BEGIN Source material

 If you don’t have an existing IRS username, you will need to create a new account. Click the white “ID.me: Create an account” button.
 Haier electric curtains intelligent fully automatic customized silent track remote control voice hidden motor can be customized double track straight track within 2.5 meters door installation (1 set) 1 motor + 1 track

END Source material
BEGIN Source material

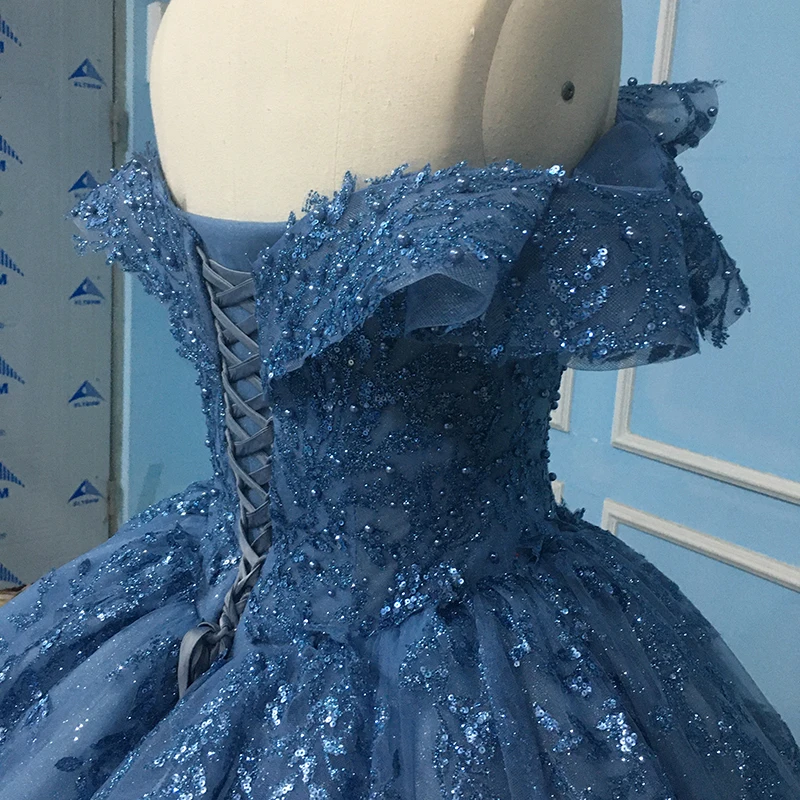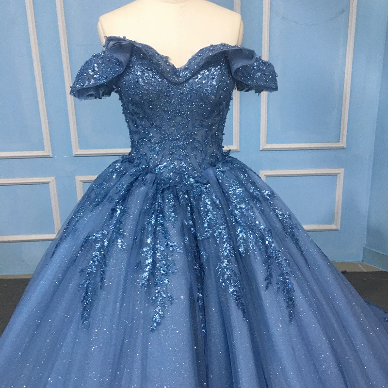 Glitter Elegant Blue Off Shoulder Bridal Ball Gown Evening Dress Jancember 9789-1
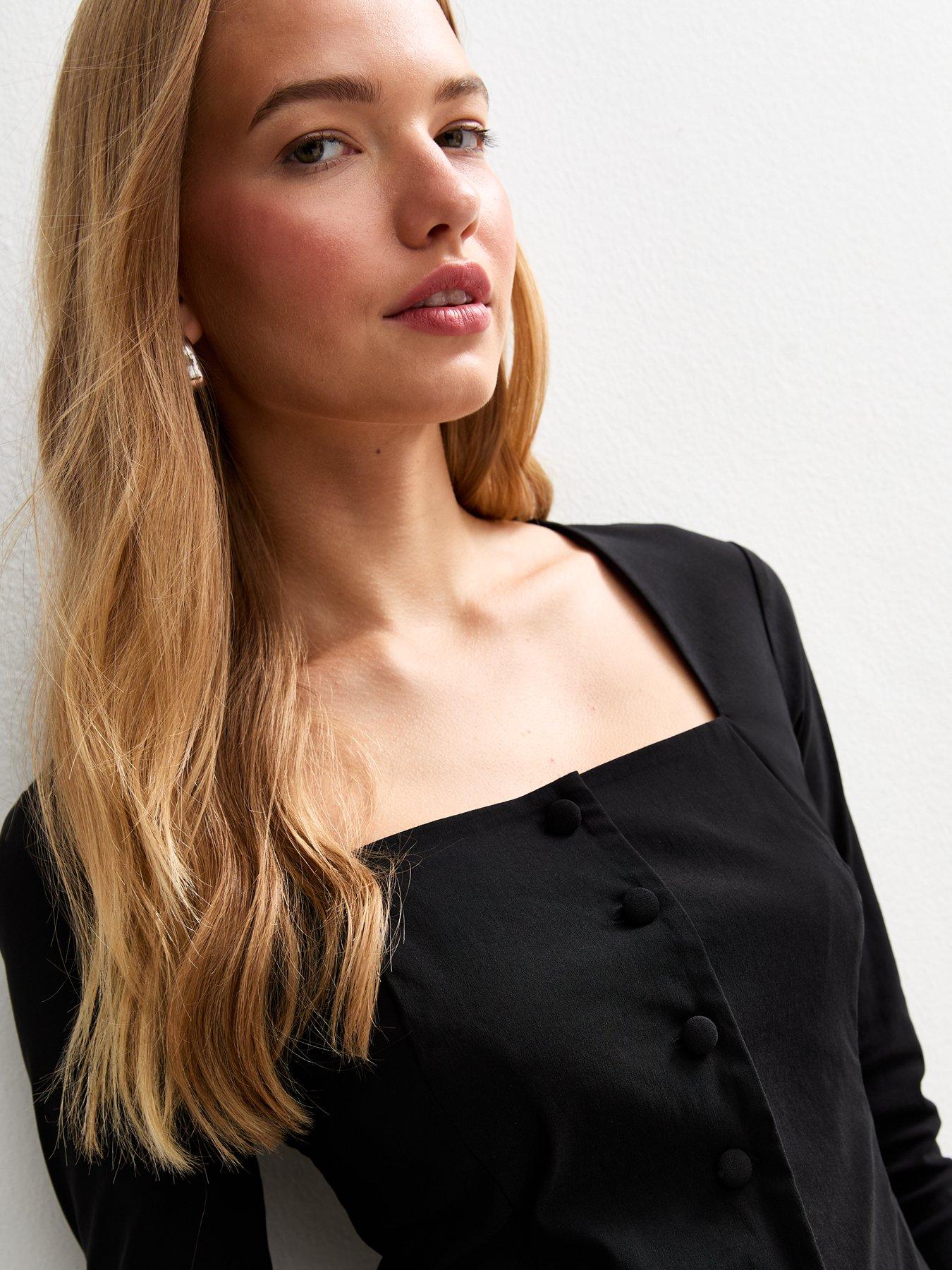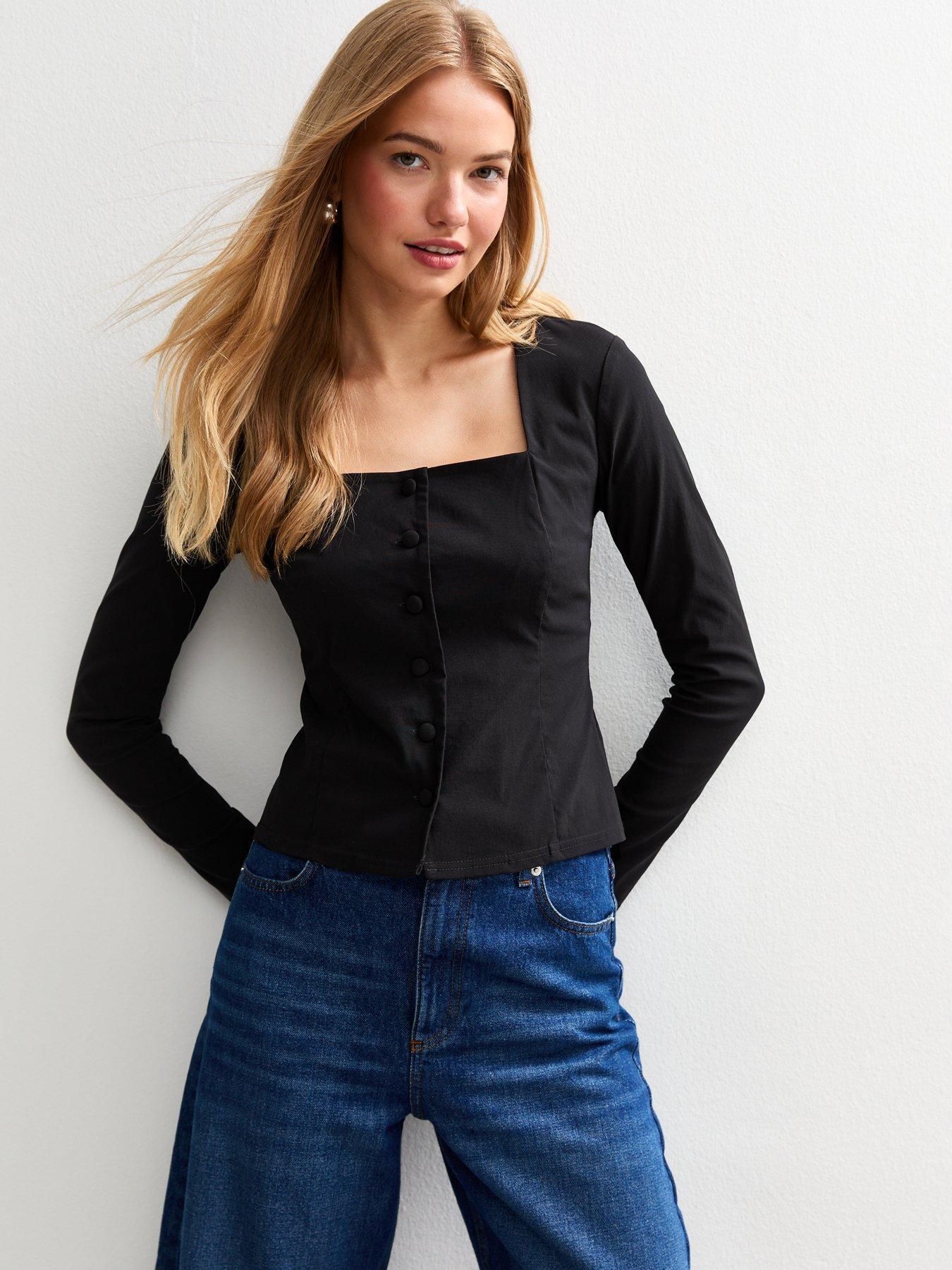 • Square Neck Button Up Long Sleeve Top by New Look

END Source material

Exercise: After locating the line with "If you don’t" in the material above, return it and each line after it exactly, ending at the line with "Haier electric curtains".

Exercise result:
 If you don’t have an existing IRS username, you will need to create a new account. Click the white “ID.me: Create an account” button.
 Haier electric curtains intelligent fully automatic customized silent track remote control voice hidden motor can be customized double track straight track within 2.5 meters door installation (1 set) 1 motor + 1 track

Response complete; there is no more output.